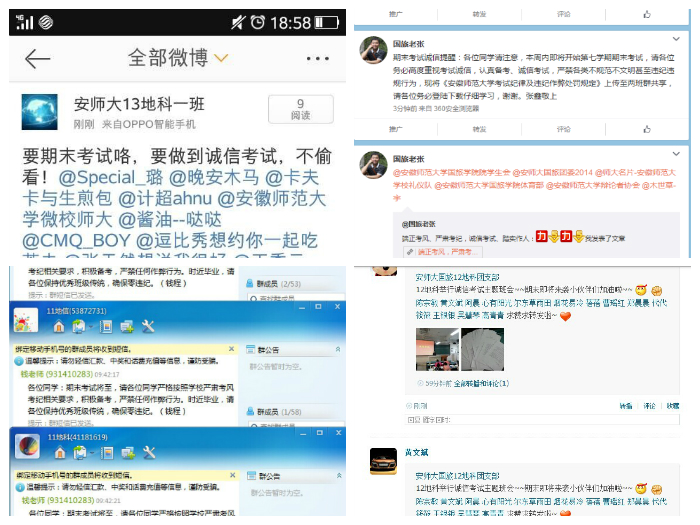 微微互动 线上线下说诚信。为在全院范围内营造积极备考、诚信考试的氛围,各年级辅导员、学生骨干等充分利用微博、微信、飞信等新媒体平台,撰写诚信考试箴言,分享复习备考经验,公示违纪考试案例,发布最新考务信息。学院充分利用在线新媒体平台,结合线下诚信考试教育活动,在全院范围内树立了诚信考试、公平竞争的良好风气。
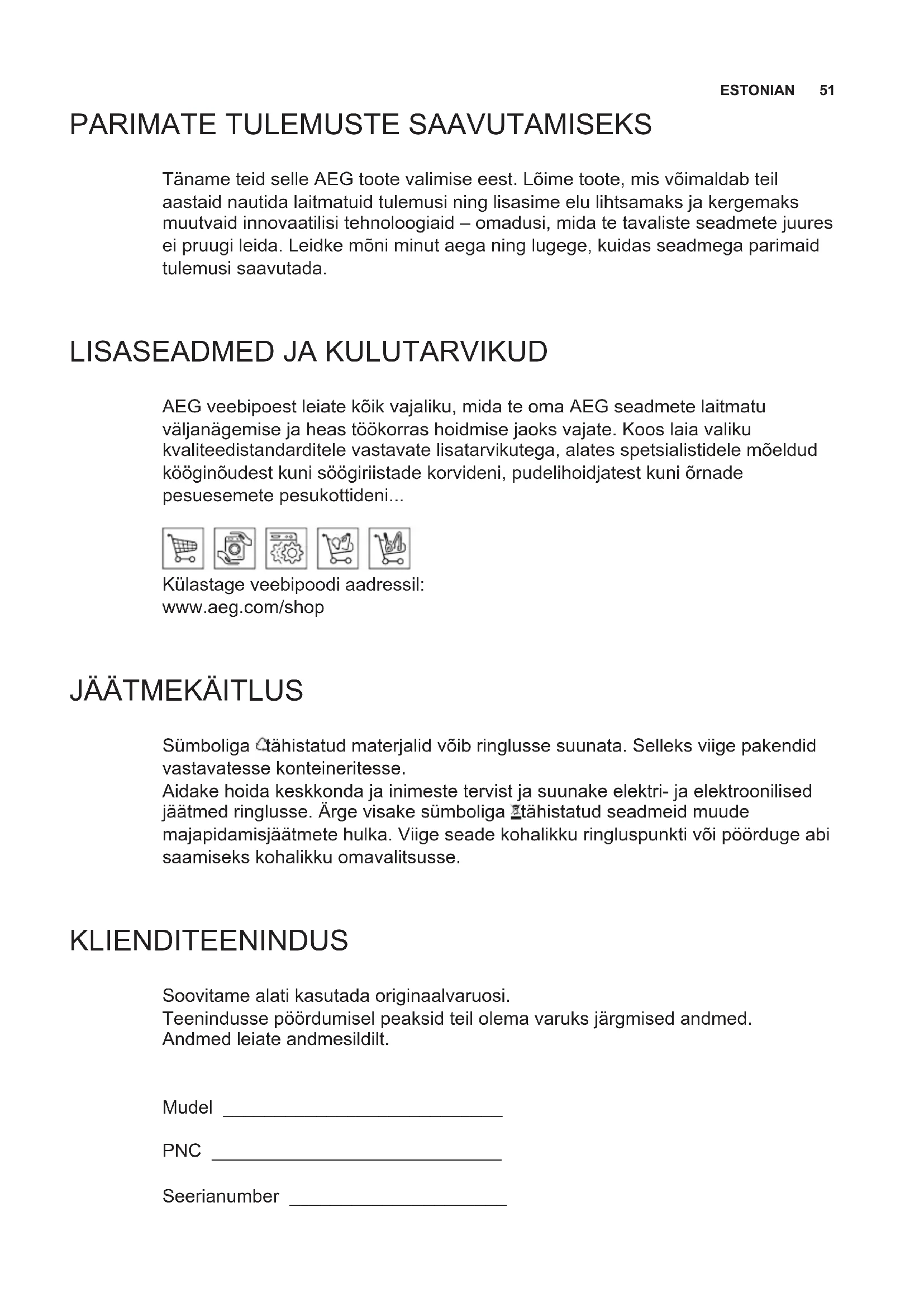 AEG veebipoest leiate kõik vajaliku, mida te oma AEG seadmete laitmatu väljanägemise ja heas töökorras hoidmise jaoks vajate. Koos laia valiku kvaliteedistandarditele vastavate lisatarvikutega, alates spetsialistidele mõeldud kööginõudest kuni söögiriistade korvideni, pudelihoidjatest kuni õrnade pesuesemete pesukottideni... Külastage veebipoodi aadressil: www.aeg.com/shop
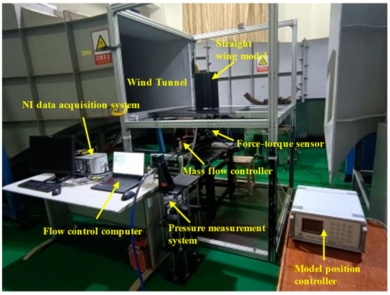 A compressed-air supplement system was also developed at the LLW. Two air tanks at 0.4 MPa in 8 m3 were used to provide compressed air for flow control. A high-precision mass flow controller (TSK621) with a range from 0 to 100 mLn/min, an accuracy of ±1.0% F.S, a linearity of ±0.5% F.S, and a response time of 1 s with a pressure regulating valve were used to regulate the flow rate of the sweeping jet actuators during the experiments. The experimental set-up in the wind tunnel is shown in Figure 5.
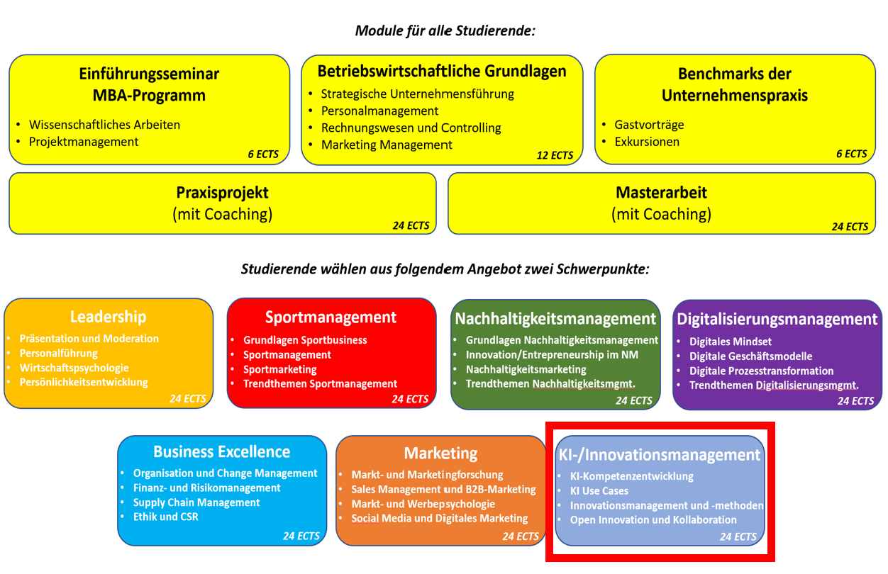 Im Schwerpunkt KI-/Innovationsmanagement stehen vier Module mit insgesamt acht Vorlesungstagen auf dem Plan. Jedes Modul umfasst 6 ECTS.
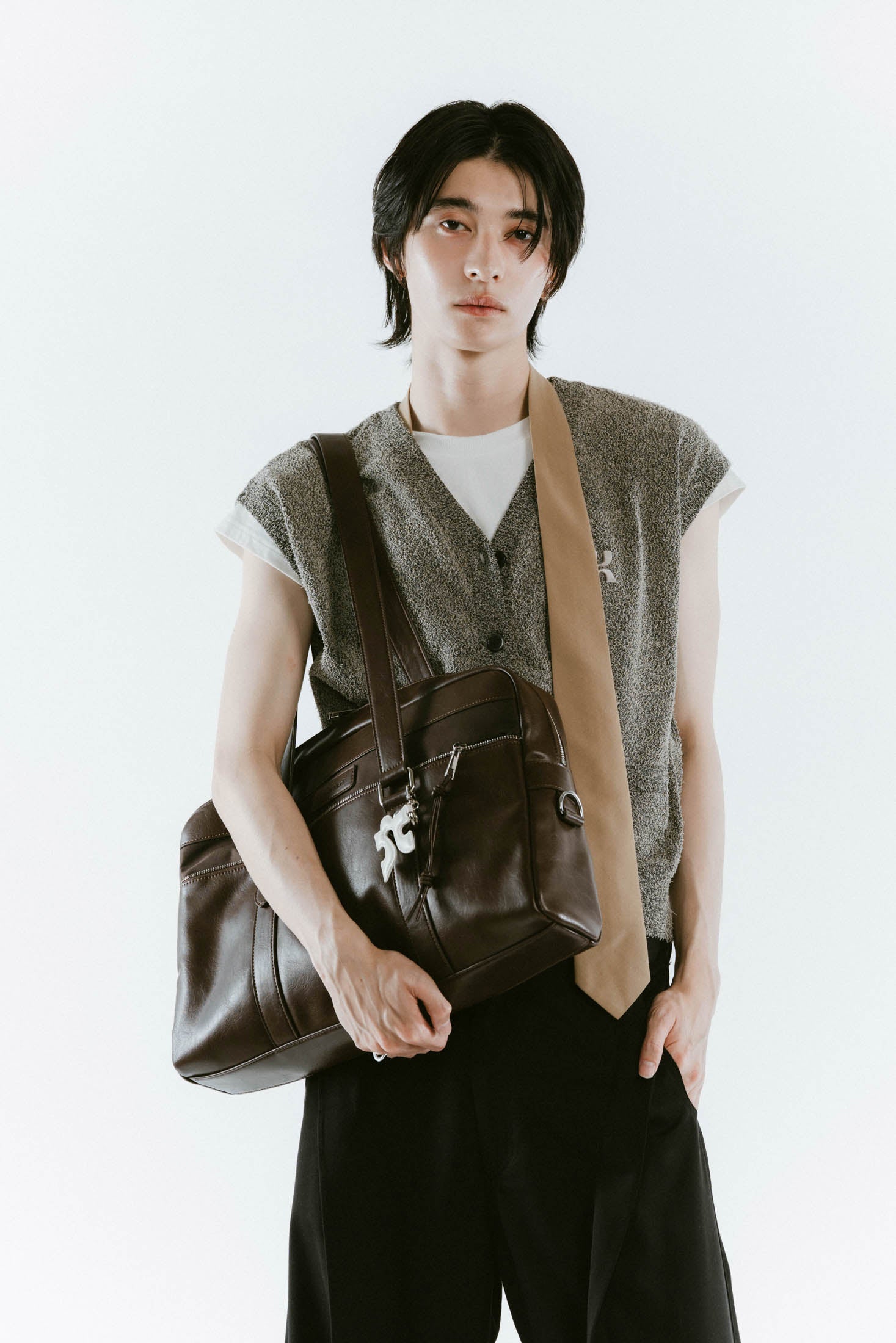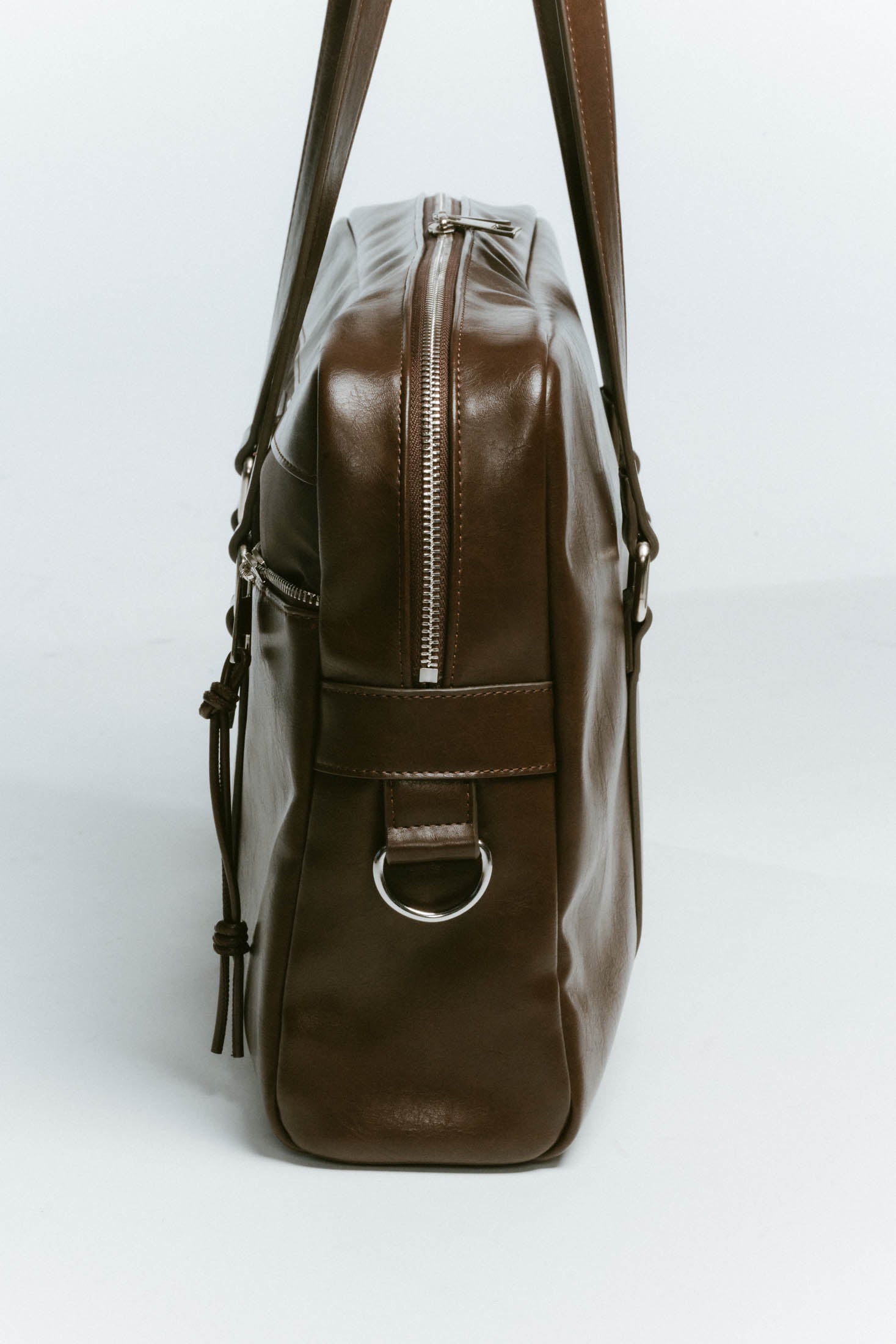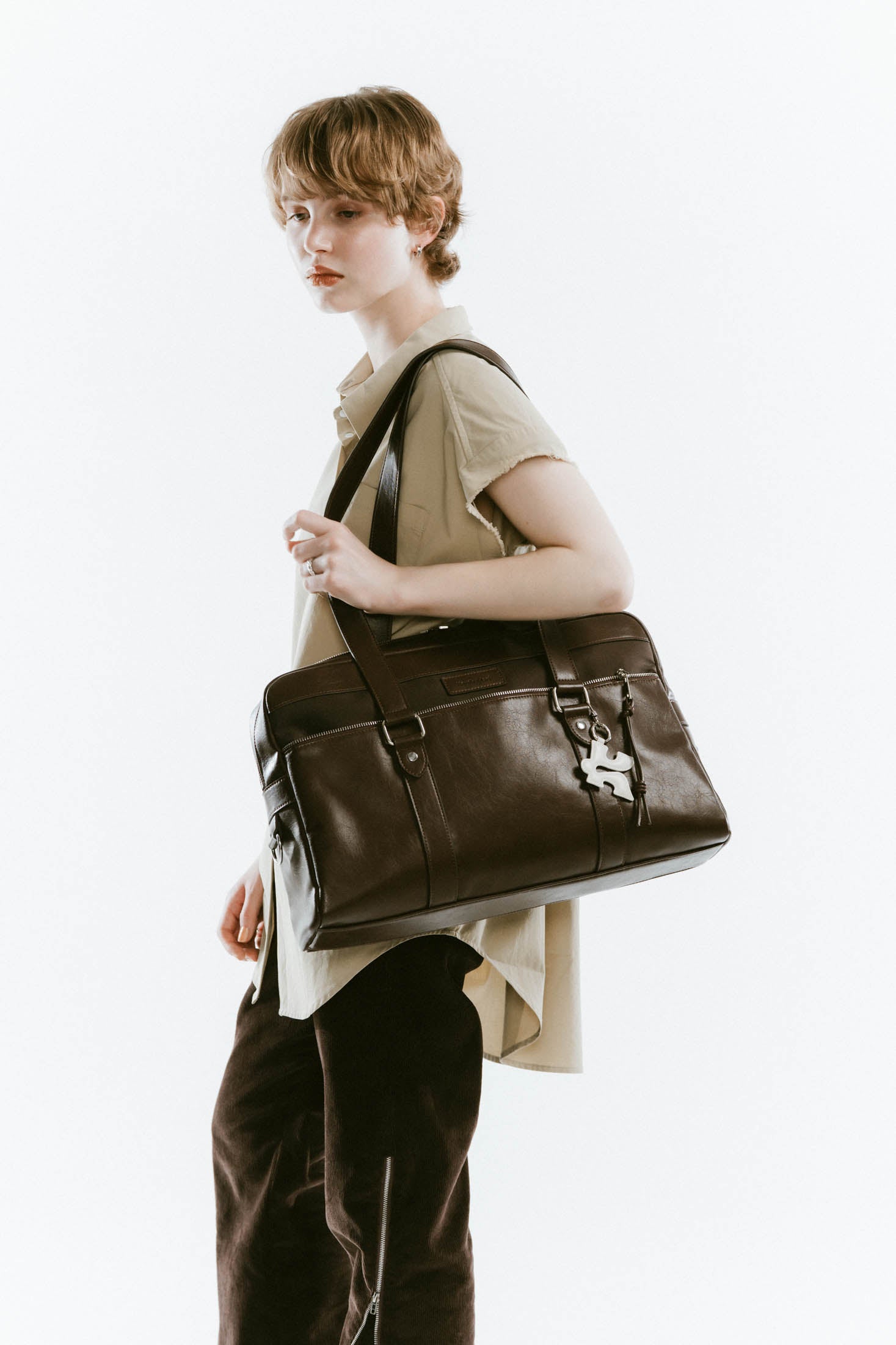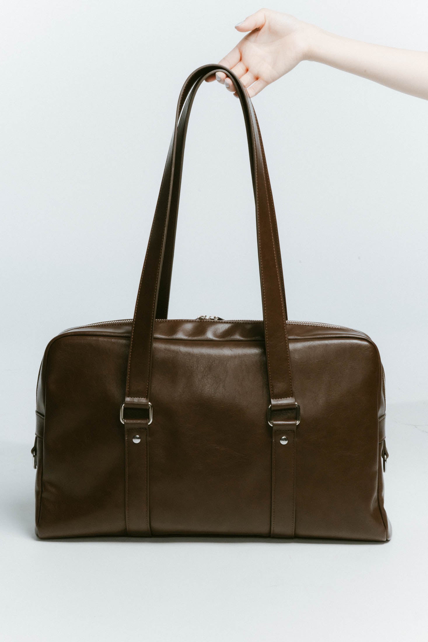 リッチなツヤ感とほどよい柔らかさのレザーで、大きめでもどこか抜け感が出る。

--------------------------------------------------

## WORK INSTRUCTIONS
Set out nothing but the lines from the line with "A compressed-air supplement" through the end of the material, reproduced exactly, both ends included, pictures omitted.

## YOUR SOLUTION
 A compressed-air supplement system was also developed at the LLW. Two air tanks at 0.4 MPa in 8 m3 were used to provide compressed air for flow control. A high-precision mass flow controller (TSK621) with a range from 0 to 100 mLn/min, an accuracy of ±1.0% F.S, a linearity of ±0.5% F.S, and a response time of 1 s with a pressure regulating valve were used to regulate the flow rate of the sweeping jet actuators during the experiments. The experimental set-up in the wind tunnel is shown in Figure 5.
 Im Schwerpunkt KI-/Innovationsmanagement stehen vier Module mit insgesamt acht Vorlesungstagen auf dem Plan. Jedes Modul umfasst 6 ECTS.
 リッチなツヤ感とほどよい柔らかさのレザーで、大きめでもどこか抜け感が出る。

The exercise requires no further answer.